### Material for the task

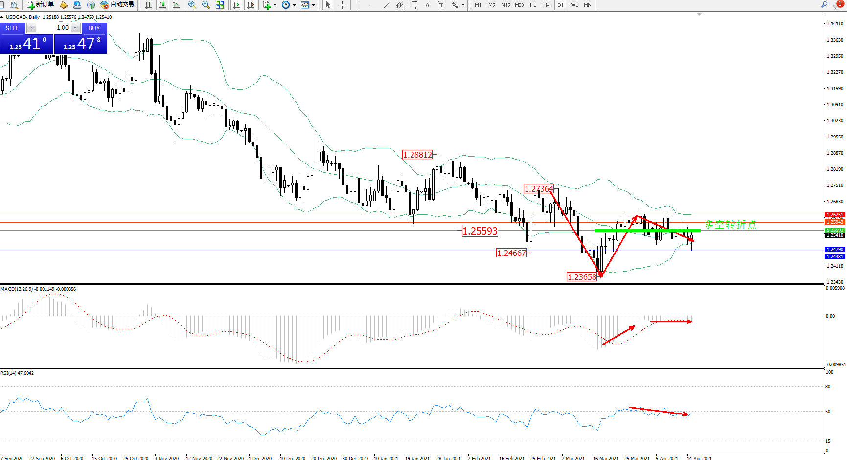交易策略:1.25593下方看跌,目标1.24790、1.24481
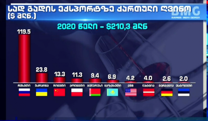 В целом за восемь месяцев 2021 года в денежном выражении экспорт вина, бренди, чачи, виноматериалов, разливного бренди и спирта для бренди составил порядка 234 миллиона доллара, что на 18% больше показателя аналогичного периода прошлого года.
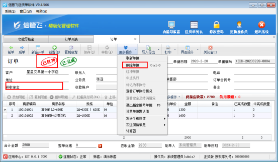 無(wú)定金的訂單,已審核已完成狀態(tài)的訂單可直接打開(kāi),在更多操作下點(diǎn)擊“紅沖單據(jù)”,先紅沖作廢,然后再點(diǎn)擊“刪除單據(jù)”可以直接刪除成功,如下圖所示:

######
### Material for the task

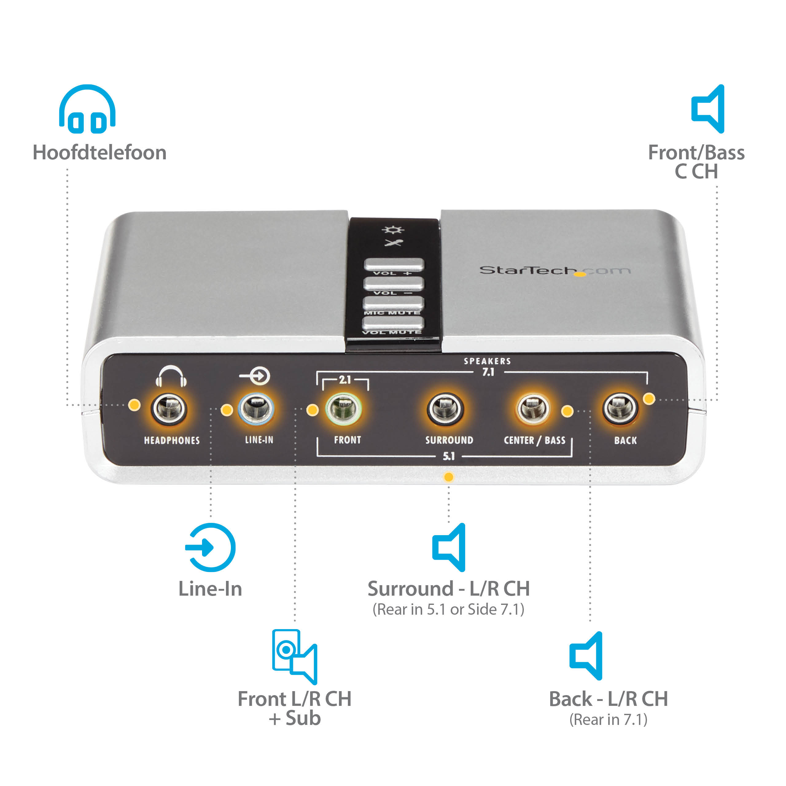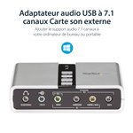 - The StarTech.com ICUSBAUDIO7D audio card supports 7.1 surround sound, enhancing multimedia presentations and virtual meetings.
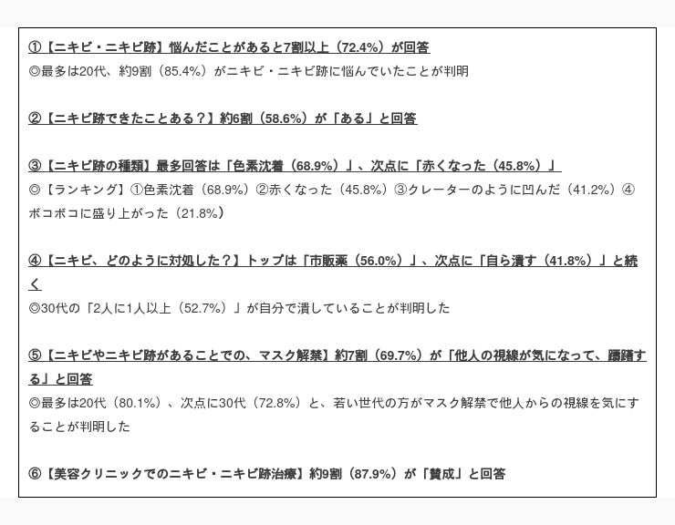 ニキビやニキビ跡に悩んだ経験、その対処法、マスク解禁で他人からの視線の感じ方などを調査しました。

######

Problem statement: Could you write out exactly the lines of the data above that run from the one holding "交易策略:1.25593下方看跌,目标1.24790、1.24481" to the one holding "無(wú)定金的訂單,已審核", with both ends in and all pictures out?

Exercise output:
交易策略:1.25593下方看跌,目标1.24790、1.24481
 В целом за восемь месяцев 2021 года в денежном выражении экспорт вина, бренди, чачи, виноматериалов, разливного бренди и спирта для бренди составил порядка 234 миллиона доллара, что на 18% больше показателя аналогичного периода прошлого года.
 無(wú)定金的訂單,已審核已完成狀態(tài)的訂單可直接打開(kāi),在更多操作下點(diǎn)擊“紅沖單據(jù)”,先紅沖作廢,然后再點(diǎn)擊“刪除單據(jù)”可以直接刪除成功,如下圖所示:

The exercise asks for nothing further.